The problem
After three generations of algorithmic improvement, Finder v13 achieved 7-10% CSS selector dependency & under 2% content failure rates. But that remaining percentage represented genuine edge cases where algorithms hit fundamental limits.
Two problems stood out:
- Weak elements: Steps where the algorithm couldn't generate reliable selectors, even with all our improvements
- Multilingual gaps: Detection faltered when applications switched languages
Some obvious solutions: Throw a general-purpose LLM at everything, invest in a Small Langauge Model(SLM), fine-tune an existing LLM & so on. But that would be expensive, slow, and maybe unnecessary? Instead, we asked: what's the minimum AI intervention needed to solve these specific problems?
Solution 1: AI-generated CSS Selectors
Remember element strength tracking from Case Study 1? That instrumentation provided us our target cohort - weak elements.
For these weak elements, we needed a fallback. Enter LLM-generated CSS selectors.
The initial approach
The concept was straightforward. When the system detected a weak element during authoring, it would asynchronously invoke an LLM to generate a CSS selector. No blocking the author's workflow. The selector gets added in the background.

The results were okayish. But we quickly hit a problem: the LLM-generated selectors were often too generic, unreliable or straight up failures. The HTML DOM for many enterprise applications is unreliable, filled with dynamically generated classes and attributes. The LLM, working without context, would generate selectors that technically matched but weren't stable over time.
Refining the approach: Reference data sets
The breakthrough came from a simple question: what if we showed the LLM what good selectors look like for this specific application?
We looked at all the CSS selectors that humans had added for different application types. SAP Ariba selectors varied from Salesforce selectors, which in turn varied from MS Dynamics selectors. Each application had patterns.

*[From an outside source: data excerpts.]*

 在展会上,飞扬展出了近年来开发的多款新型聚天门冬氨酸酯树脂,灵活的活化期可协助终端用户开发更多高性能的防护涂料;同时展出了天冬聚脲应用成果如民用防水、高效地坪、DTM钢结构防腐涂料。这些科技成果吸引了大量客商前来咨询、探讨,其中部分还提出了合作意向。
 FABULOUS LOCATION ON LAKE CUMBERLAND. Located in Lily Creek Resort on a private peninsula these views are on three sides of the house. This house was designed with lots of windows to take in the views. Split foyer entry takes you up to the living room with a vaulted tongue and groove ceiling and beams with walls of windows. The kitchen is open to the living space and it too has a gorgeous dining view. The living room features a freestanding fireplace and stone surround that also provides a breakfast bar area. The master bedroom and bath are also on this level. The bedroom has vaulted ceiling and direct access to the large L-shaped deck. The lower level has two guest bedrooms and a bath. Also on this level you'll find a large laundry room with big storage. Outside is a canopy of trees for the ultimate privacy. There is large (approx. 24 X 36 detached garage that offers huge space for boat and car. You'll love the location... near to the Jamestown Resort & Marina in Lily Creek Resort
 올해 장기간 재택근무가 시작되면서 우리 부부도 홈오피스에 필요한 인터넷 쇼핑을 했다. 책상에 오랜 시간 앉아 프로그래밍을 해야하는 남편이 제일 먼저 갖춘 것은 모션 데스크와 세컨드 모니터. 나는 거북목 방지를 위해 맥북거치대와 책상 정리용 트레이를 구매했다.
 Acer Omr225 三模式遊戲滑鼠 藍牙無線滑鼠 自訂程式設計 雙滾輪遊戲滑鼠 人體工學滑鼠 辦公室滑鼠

So we built a reference data set. Before the LLM attempts to generate a selector, we provide examples of human-created selectors for that application type.

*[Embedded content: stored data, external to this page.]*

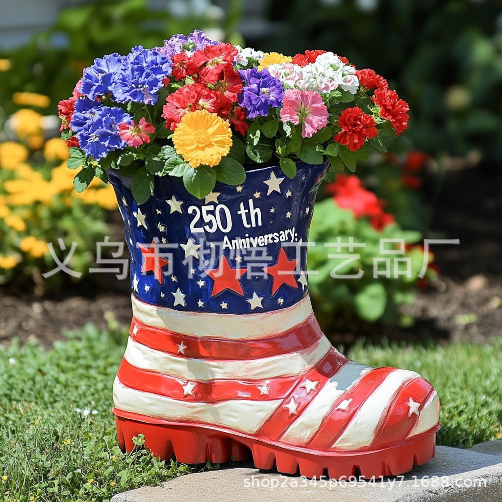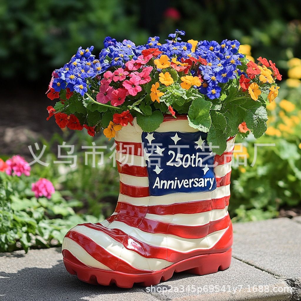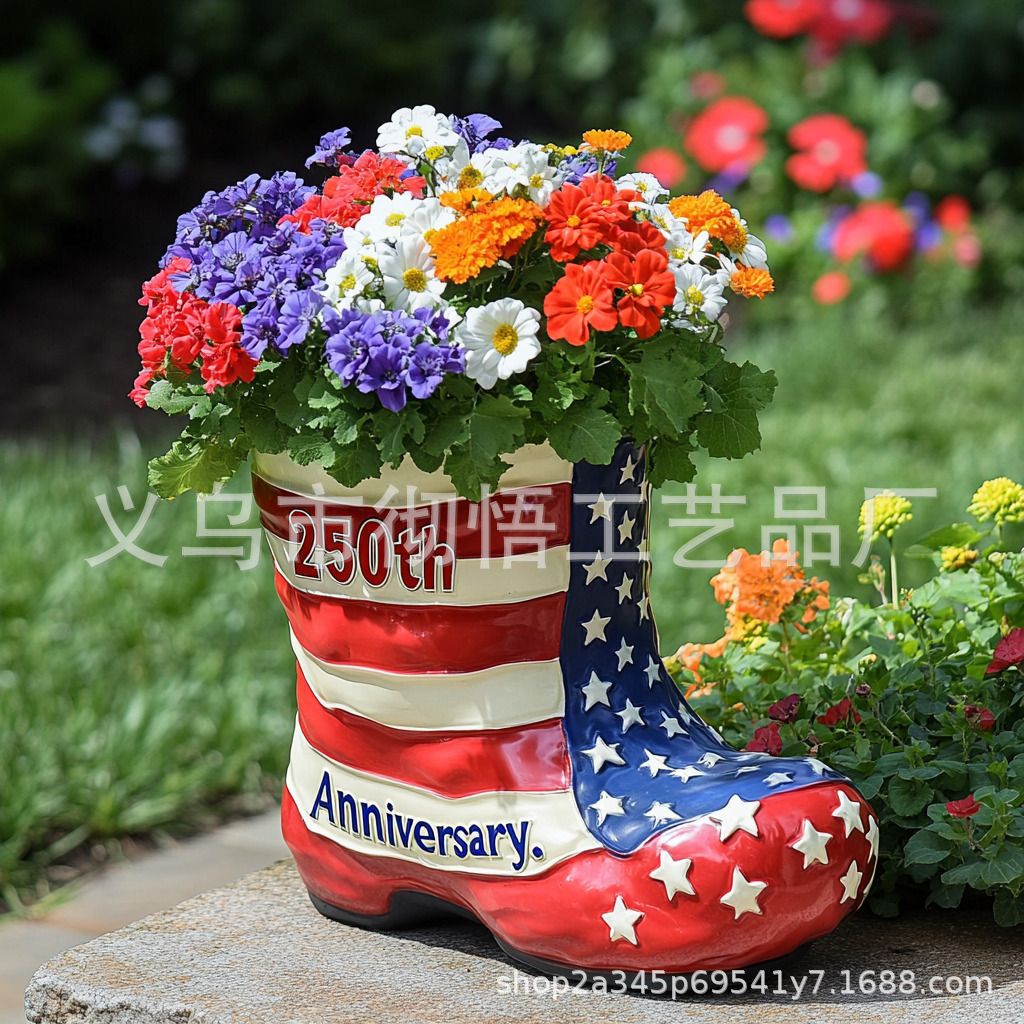 국경을 넘어 미국의 자유 250주년을 기념하여 국기 장화 꽃병을 축하합니다.
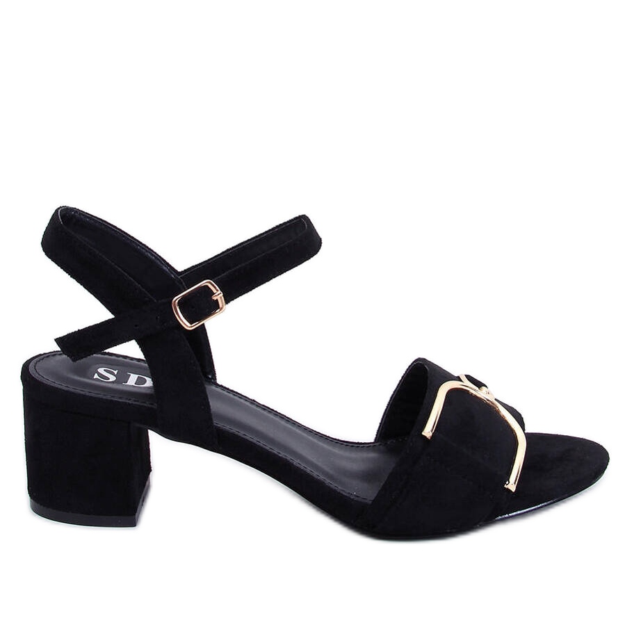 Az állítható rögzítőelem egy csat formájában finoman hangsúlyozza a bokát, hozzáadva az összes stílust. Ökológiai velúrból készült szandálok egyesítik a divatos megjelenést az ökológiai megközelítéssel. A klasszikus fekete szín természetesen illeszkedik bármilyen stilizáláshoz, és az arany díszítés ízléses részlet, amely ezeket a szandált tökéletessé teszi mind a napi kirándulásokhoz, mind a különleges alkalmakhoz.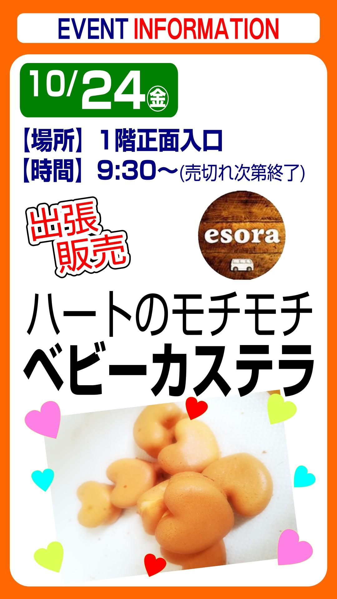 esora ベビーカステラ【出張販売】 2025.10.24 米粉を使ったモチモチのベビーカステラです。売り切れ次第終了ですので、この機会にぜひご賞味ください。 日 時 10月24日(金)9:30~ 売り切れ次第終了 場 所 1階 正面入口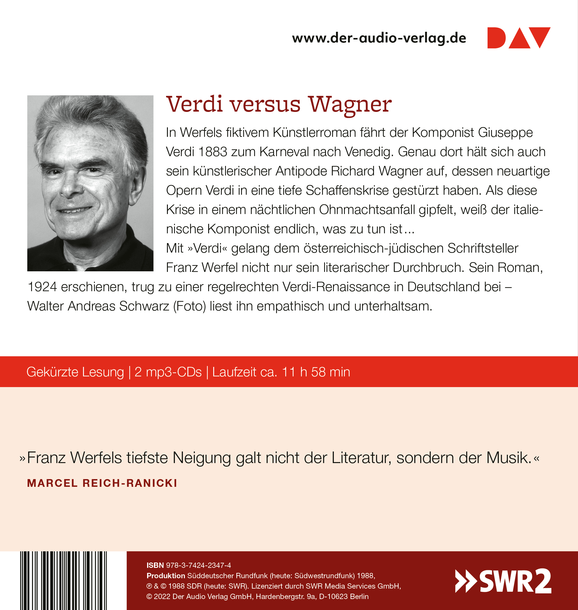Mit »Verdi« gelang dem österreichisch-jüdischen Schriftsteller Franz Werfel nicht nur sein literarischer Durchbruch. Sein Roman, 1924 erschienen, trug zu einer regelrechten Verdi- Renaissance in Deutschland bei.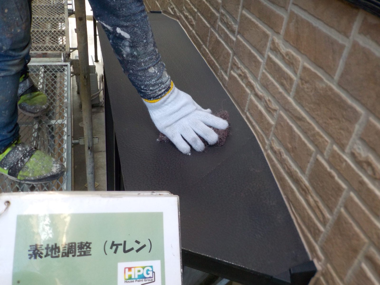 小庇上部などの鉄部を塗装する際は、手ケレンであえて目に見えないような小さな傷を付けることで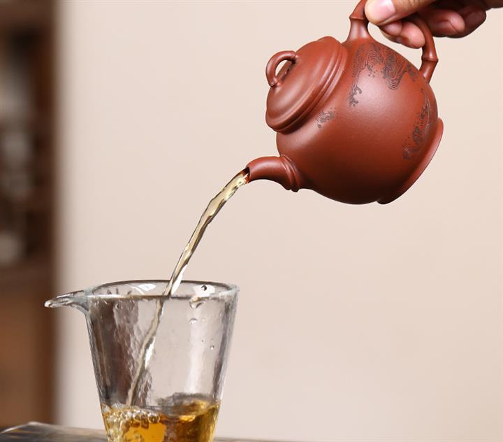 【泥料特點】砂土氣重,似淳實農民,日久使用,漸露鋒芒,養成變化,溫潤莊重。紫砂是壹種雙重氣孔結構的多孔性材質,氣孔微細,密度高。用紫砂壺沏茶,不失原味,且香不渙散,得茶之真香真味。紫砂使用越久,壺身色澤越發光亮照人,氣韻溫雅。紫砂壺長久使用器身會因撫摸擦拭,變得越發溫潤光澤。

"Here's what good input element selectors look like for SAP Ariba. Now generate one for this element."
This is context engineering. Same LLM, dramatically better output.

The results
| Approach | Coverage Increase |
|---|---|
| Baseline (Finder v13, no AI) | 75-80% |
| Vanilla LLM selectors (no context) | +3-5% |
| LLM selectors with reference data | +7-8% |
| Total with AI | ~88% |
88%
Element detection coverage
Up from 75-80% baseline
30%
Healing rate
Weak elements successfully addressed
The 30% healing rate might seem modest. But consider: these are elements that every other method failed to find. We're salvaging 30% of what would otherwise require manual intervention.
Language agnostic element detection
This was the more urgent problem. Multiple enterprise customers were experiencing unreliable content playback issues when their applications switched languages.
The scope
| Customer | Impact |
|---|---|
| Ford | Coverage dropped from 65% to 25% |
| Multiple accounts on SAP Ariba | $1M+ ARR at risk |
| Microsoft & other Fortune 500 logos | Various severity |
The algorithm did capture element text during authoring. But when the base application language changes & there's no HTML attribute to rely on, "Submit" became "Soumettre" or "提交", causing detection to become haywire & latch onto incorrect places.
SAP Ariba deserves special mention here. It's an application notorious for having a poorly defined HTML DOM structure, which means the Finder algorithm already struggles there. When you add language switching on top of that, the problem compounds significantly.
The unlock
We implemented semantic matching using embedding similarity. The idea: "Submit" and "Soumettre" mean the same thing. If we compare meanings instead of exact text, language differences disappear.
At runtime, when we now detect that the algorithm is skipping the text check & isn't returning an exact match, we check for semantic similarity. If "Soumettre" is semantically close to "Submit," we have a match.
This approach works for any application, any language. SAP Ariba was just the most painful example.
Business impact
25% → 85%
Ford coverage restored
After semantic matching
$1M+
ARR protected
Across affected accounts
We restored functionality for customers representing over $1M in ARR.
What I learned
Instead of reinventing the wheel, we chose a reliable algorithmic system that uses AI strategically for edge cases. The result:
- Faster: most detections never touch AI
- More reliable: AI has fewer failure modes when used surgically
- More debuggable: clear separation between algorithmic and AI paths
Different problems need different solutions. Augmenting working systems is usually a more controllable & observable bet.